Exercise description: Would you reproduce, word for word, only the lines running from the top of the data through the line containing "XX高中2026年春季学期青年教师培养工作阶段总结会副校长讲话.doc", and none of the pictures?

Records from a collection
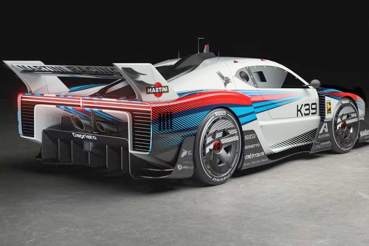 Il suo design si basa sull'iconica silhouette Martini Racing, ma trasposta nel futuro: carrozzeria in fibra di carbonio, parafanghi scolpiti, linee affilate e aerodinamica curata nei minimi dettagli.
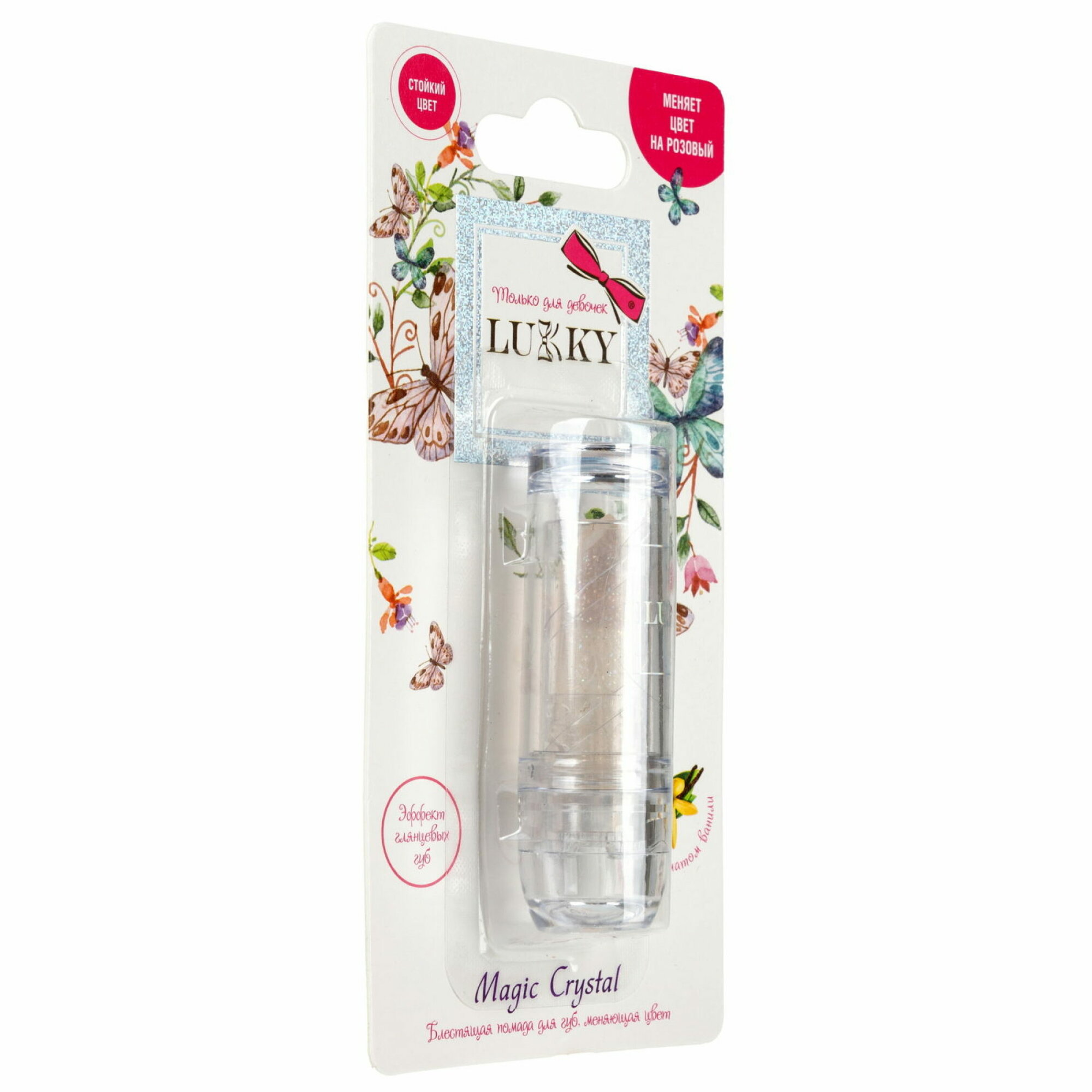 Lukky Magic Crystal блестящая помада, меняющая цвет на розовый, цвет прозрачный с блестками, с ароматом ванили, 3,4 гр интересное:
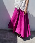 【cutsewn】着用サイズ:F リネンビッグチェックカットソー。 前身頃はカットソーなので伸びがあり、後ろ身頃にリネンのチェック生地がコンビになっています。 コレド店でも人気のライトグレーのカラーはチェックの印象も強すぎず、色物のボトムスとの合わせも素敵です。 丸味のあるシルエットなので、お袖に後ろ身頃の生地がかかり、二の腕カバーしてくれます。 洗濯 :手洗い可 伸縮性:前身頃はあり 透け感:なし 裏地 :なし 【skirt】着用サイズ:F リネンとレーヨン素材のフレア巻きスカート。 広がらず落ち感があり、ドレープが綺麗なシルエット。 鮮やかなピンクはこれからの時期にTシャツやブラウスを合わせて着たい、気分の上がるカラーです。 私の身長でくるぶしがしっかり見える着丈。 巻きスカートですが、右裾の内側にボタンがつくので、ヒラっとめくれず安心です。 洗濯 :ドライクリーニング 伸縮性:なし 透け感:なし 裏地 :なし 【bag】 Sans Arcidet 【shoes】 着用サイズ:39 dragonのグルカサンダル。 24.5cmだと39サイズがちょうど良いです。
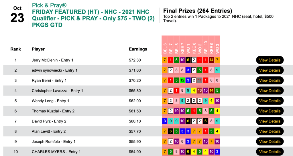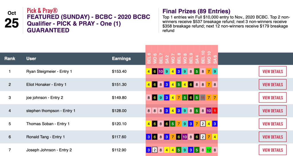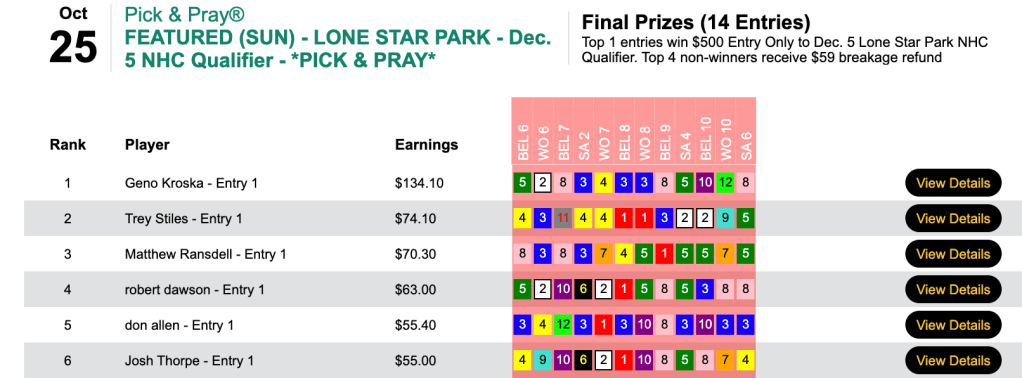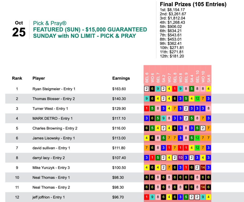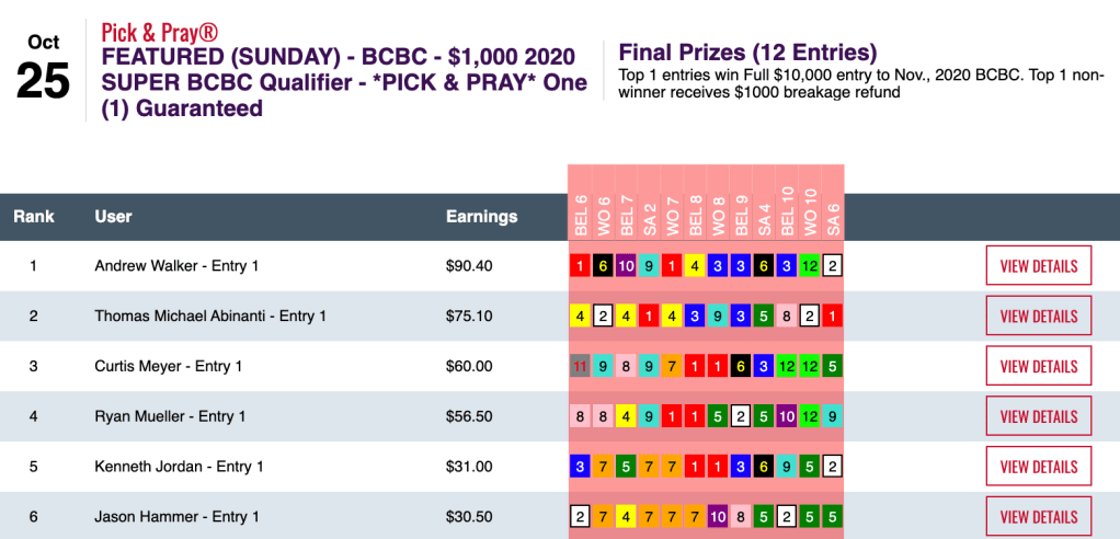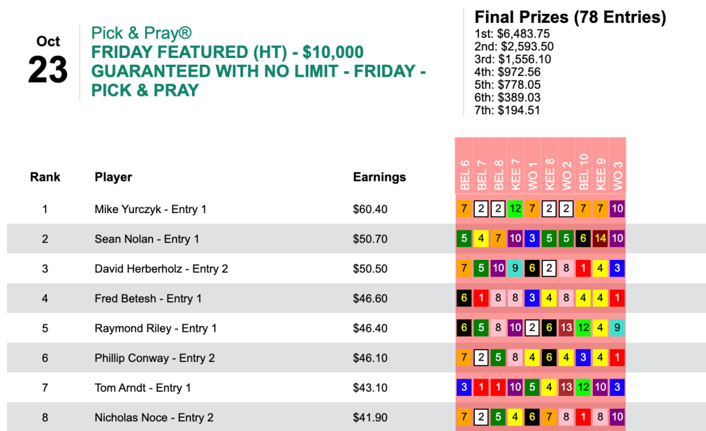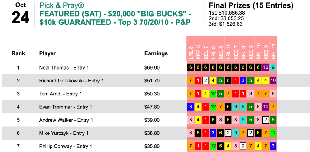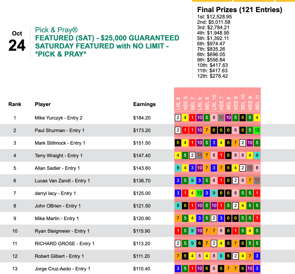 Apparently it doesn’t matter to Yurczyk whether a day is chalky or filled with prices. On Saturday he tripled his Friday score—and almost doubled his cash winnings, collecting $12,528 in our $25,000 Guaranteed Pick & Pray, which ended up with a pot of $27,842. Here, Yurczyk had 6 wins and 2 places that led to Saturday’s highest score.
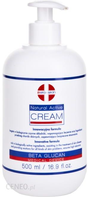 Beta-Skin Natural Active Cream to unikalna formuła zapewniająca bezpieczne stosowanie, niwelująca objawy towarzyszące poszczególnym dermatozom, tj. uporczywy świąd, uczucie pieczenia, zaczerwienienie oraz suchość skóry i nadmierne łuszczenie. Wyrób wykazuje intensywne właściwości regenerujące, łagodzące zmiany skórne, regulujące wzmożony łojotok i nadmierne rogowacenie.
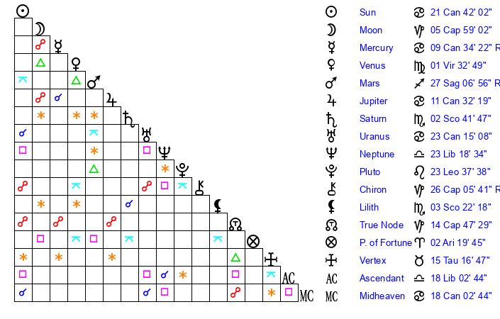 | Moon | 6 Capricorn 5 | 9 Pisces 42 | 21 Leo 51 |
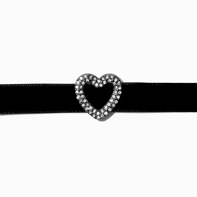 Silver-tone Crystal Heart Pendant Black Velvet Choker Necklace
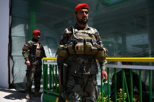 4月21日,阿富汗国民军士兵在喀布尔一处加油站警戒,此地附近不久前曾发生一起针对阿富汗安全部队的炸弹袭击。(法新社)
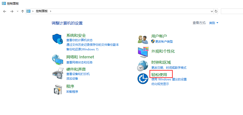 3,进入控制面板界面后,选择“轻松使用”选项进入。
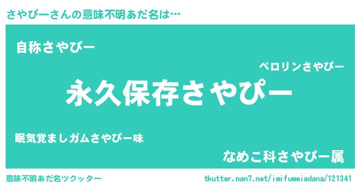 | 胡散臭い通販商品みたいなあだ名 | 『来世でも幸せになれる健康食品…その名も「さやぴー」』 |
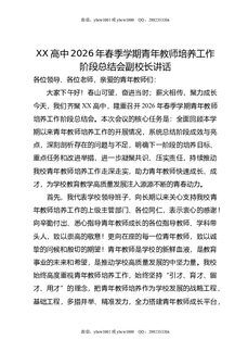 XX高中2026年春季学期青年教师培养工作阶段总结会副校长讲话.doc
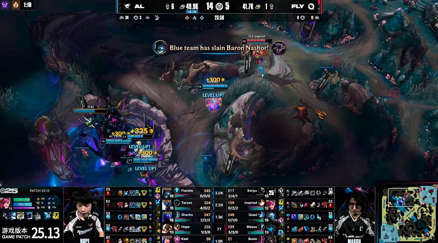 24分钟小龙团战,AL集火击溃FLY野辅组合,再度打出0换3,顺势控下听牌小龙,随后又收入大龙,建立巨大经济优势。
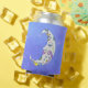 This can or bottle cooler has a fancy white crescent moon with a smiling face with colourful abstract shapes including circles, triangles, and a scroll in blue yellow, and purple on a purple sky background with dotted stars.
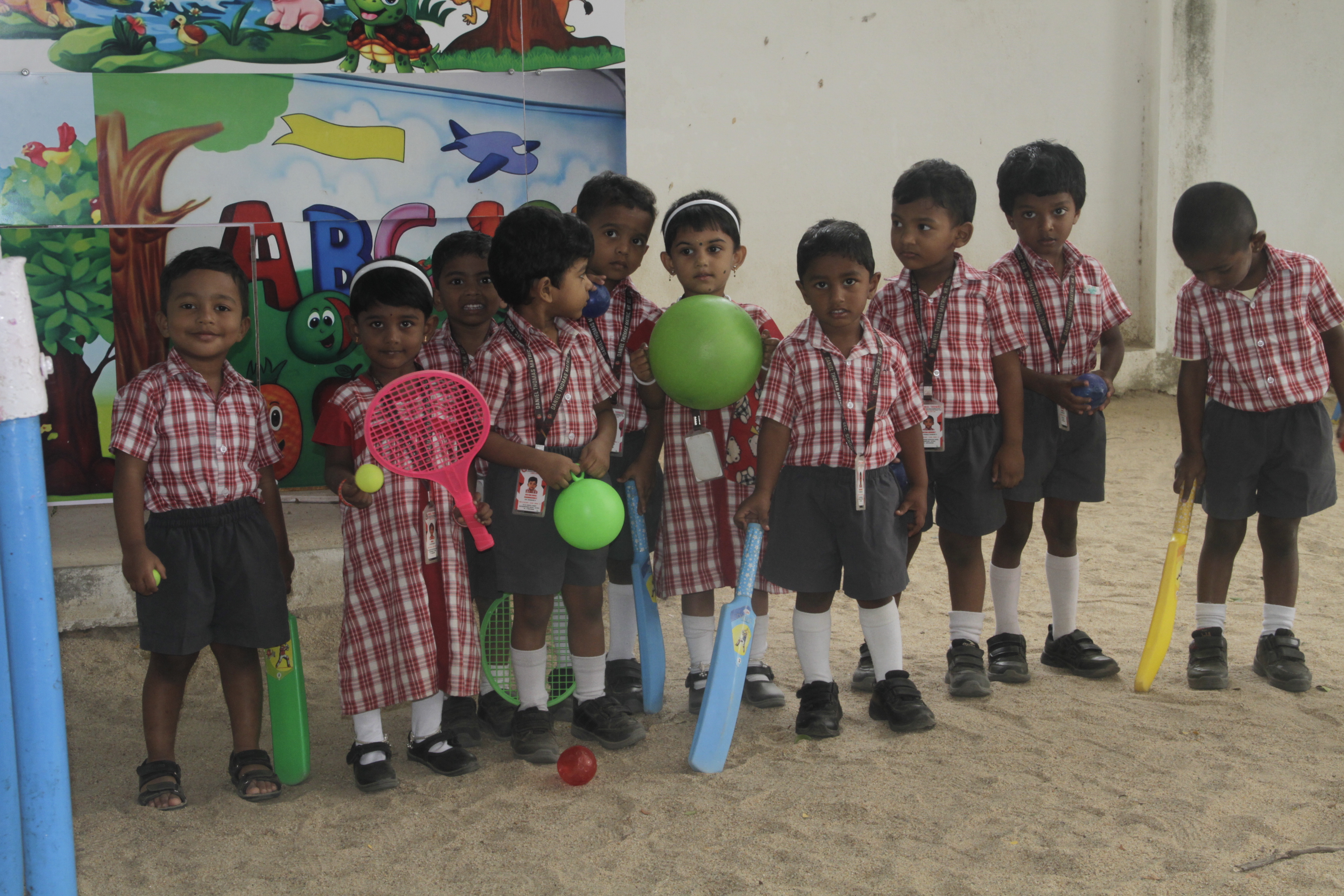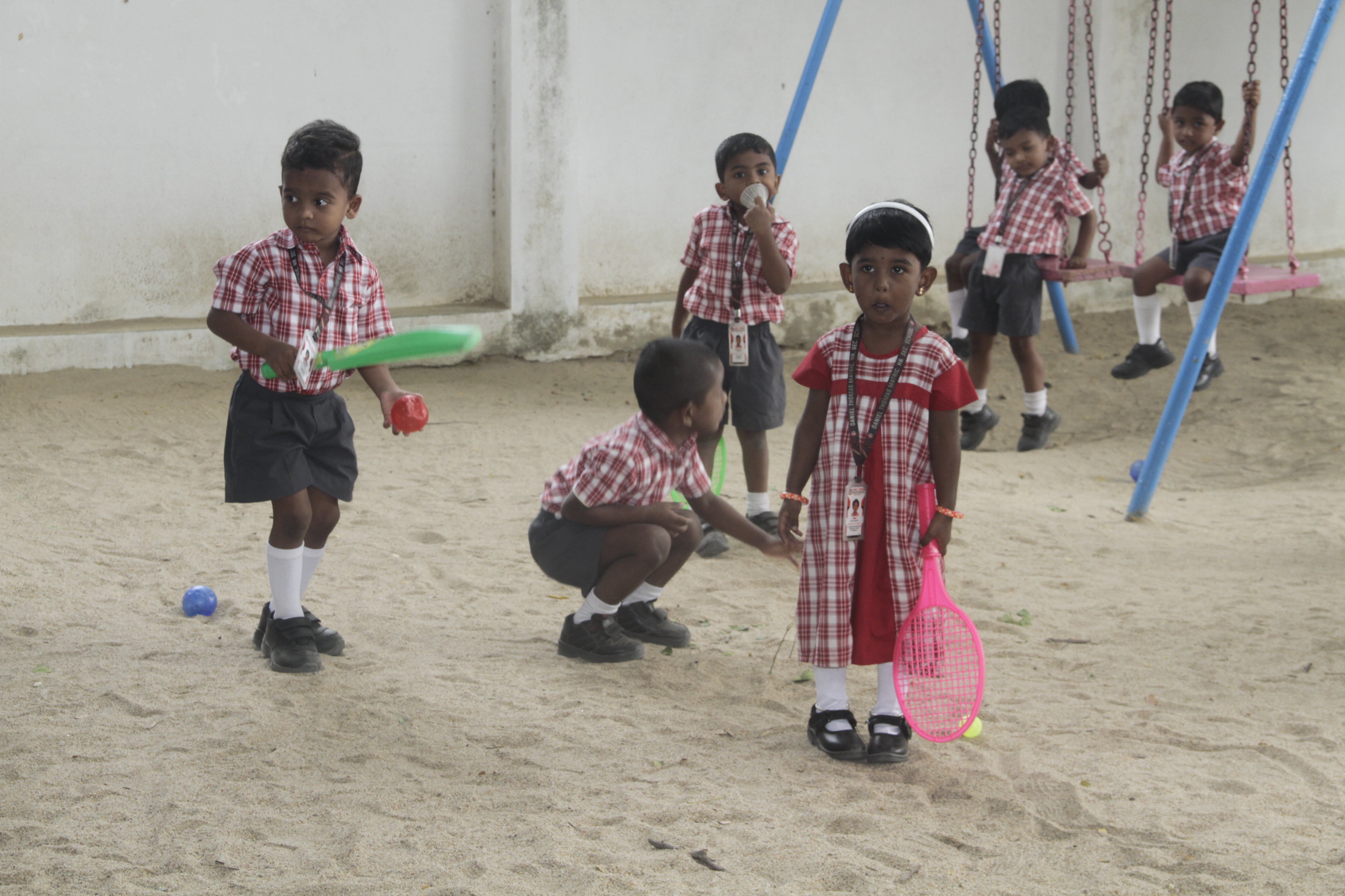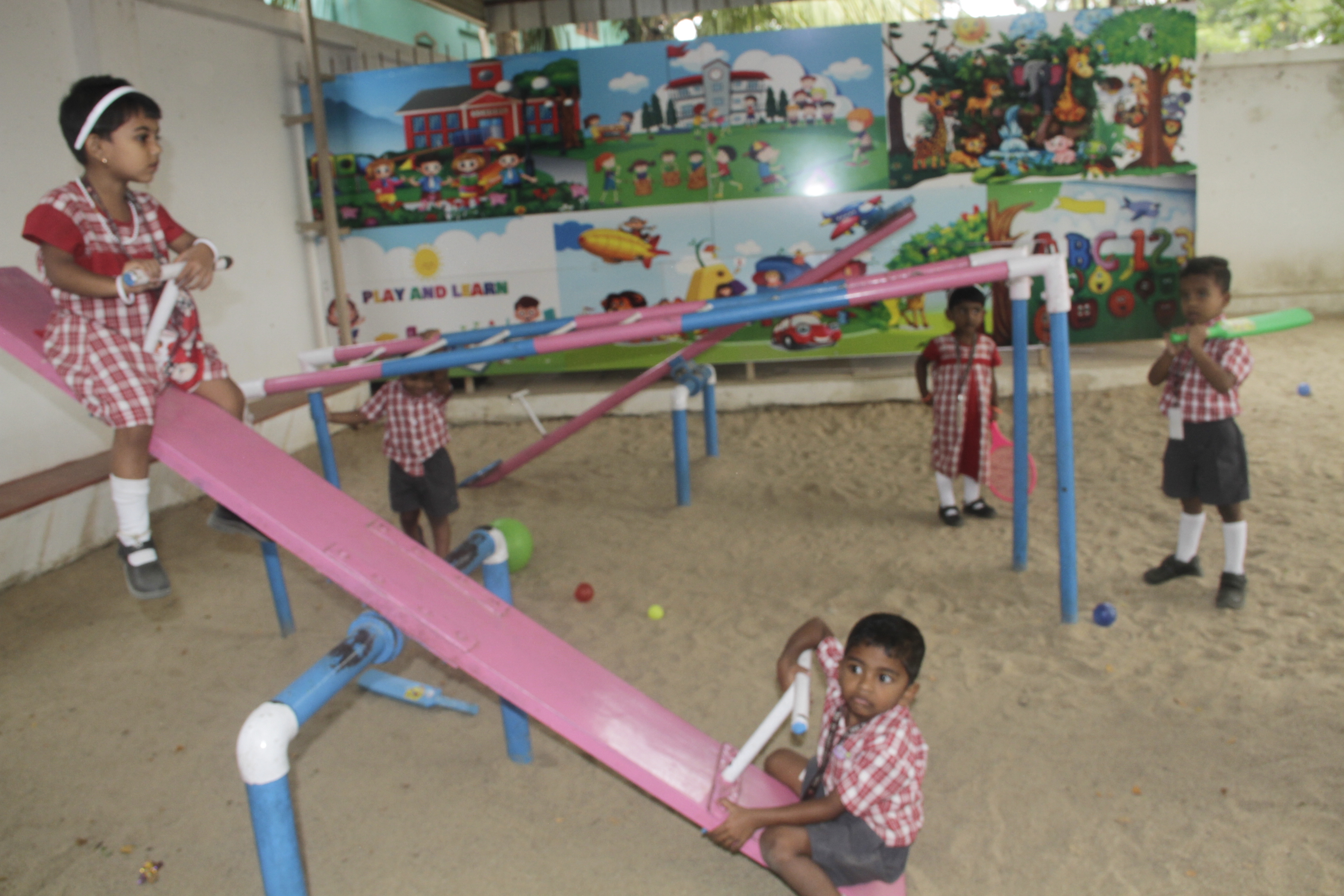A well-maintained KG play area with age-appropriate equipment that encourages active play, coordination and joyful learning.
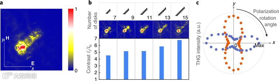 a.11号z字纳米阵列磁盘产生的三次谐波场的分布b.不同长度的Z字阵列的THG强度的对比c.根据顶部谐振器(红色)和底部谐振器(蓝色)的THG在15号z字纳米盘中的亮度,作出偏振角相对于x轴的函数图象。

Expected output:
 Il suo design si basa sull'iconica silhouette Martini Racing, ma trasposta nel futuro: carrozzeria in fibra di carbonio, parafanghi scolpiti, linee affilate e aerodinamica curata nei minimi dettagli.
 Lukky Magic Crystal блестящая помада, меняющая цвет на розовый, цвет прозрачный с блестками, с ароматом ванили, 3,4 гр интересное:
 【cutsewn】着用サイズ:F リネンビッグチェックカットソー。 前身頃はカットソーなので伸びがあり、後ろ身頃にリネンのチェック生地がコンビになっています。 コレド店でも人気のライトグレーのカラーはチェックの印象も強すぎず、色物のボトムスとの合わせも素敵です。 丸味のあるシルエットなので、お袖に後ろ身頃の生地がかかり、二の腕カバーしてくれます。 洗濯 :手洗い可 伸縮性:前身頃はあり 透け感:なし 裏地 :なし 【skirt】着用サイズ:F リネンとレーヨン素材のフレア巻きスカート。 広がらず落ち感があり、ドレープが綺麗なシルエット。 鮮やかなピンクはこれからの時期にTシャツやブラウスを合わせて着たい、気分の上がるカラーです。 私の身長でくるぶしがしっかり見える着丈。 巻きスカートですが、右裾の内側にボタンがつくので、ヒラっとめくれず安心です。 洗濯 :ドライクリーニング 伸縮性:なし 透け感:なし 裏地 :なし 【bag】 Sans Arcidet 【shoes】 着用サイズ:39 dragonのグルカサンダル。 24.5cmだと39サイズがちょうど良いです。
 Apparently it doesn’t matter to Yurczyk whether a day is chalky or filled with prices. On Saturday he tripled his Friday score—and almost doubled his cash winnings, collecting $12,528 in our $25,000 Guaranteed Pick & Pray, which ended up with a pot of $27,842. Here, Yurczyk had 6 wins and 2 places that led to Saturday’s highest score.
 Beta-Skin Natural Active Cream to unikalna formuła zapewniająca bezpieczne stosowanie, niwelująca objawy towarzyszące poszczególnym dermatozom, tj. uporczywy świąd, uczucie pieczenia, zaczerwienienie oraz suchość skóry i nadmierne łuszczenie. Wyrób wykazuje intensywne właściwości regenerujące, łagodzące zmiany skórne, regulujące wzmożony łojotok i nadmierne rogowacenie.
 | Moon | 6 Capricorn 5 | 9 Pisces 42 | 21 Leo 51 |
 Silver-tone Crystal Heart Pendant Black Velvet Choker Necklace
 4月21日,阿富汗国民军士兵在喀布尔一处加油站警戒,此地附近不久前曾发生一起针对阿富汗安全部队的炸弹袭击。(法新社)
 3,进入控制面板界面后,选择“轻松使用”选项进入。
 | 胡散臭い通販商品みたいなあだ名 | 『来世でも幸せになれる健康食品…その名も「さやぴー」』 |
 XX高中2026年春季学期青年教师培养工作阶段总结会副校长讲话.doc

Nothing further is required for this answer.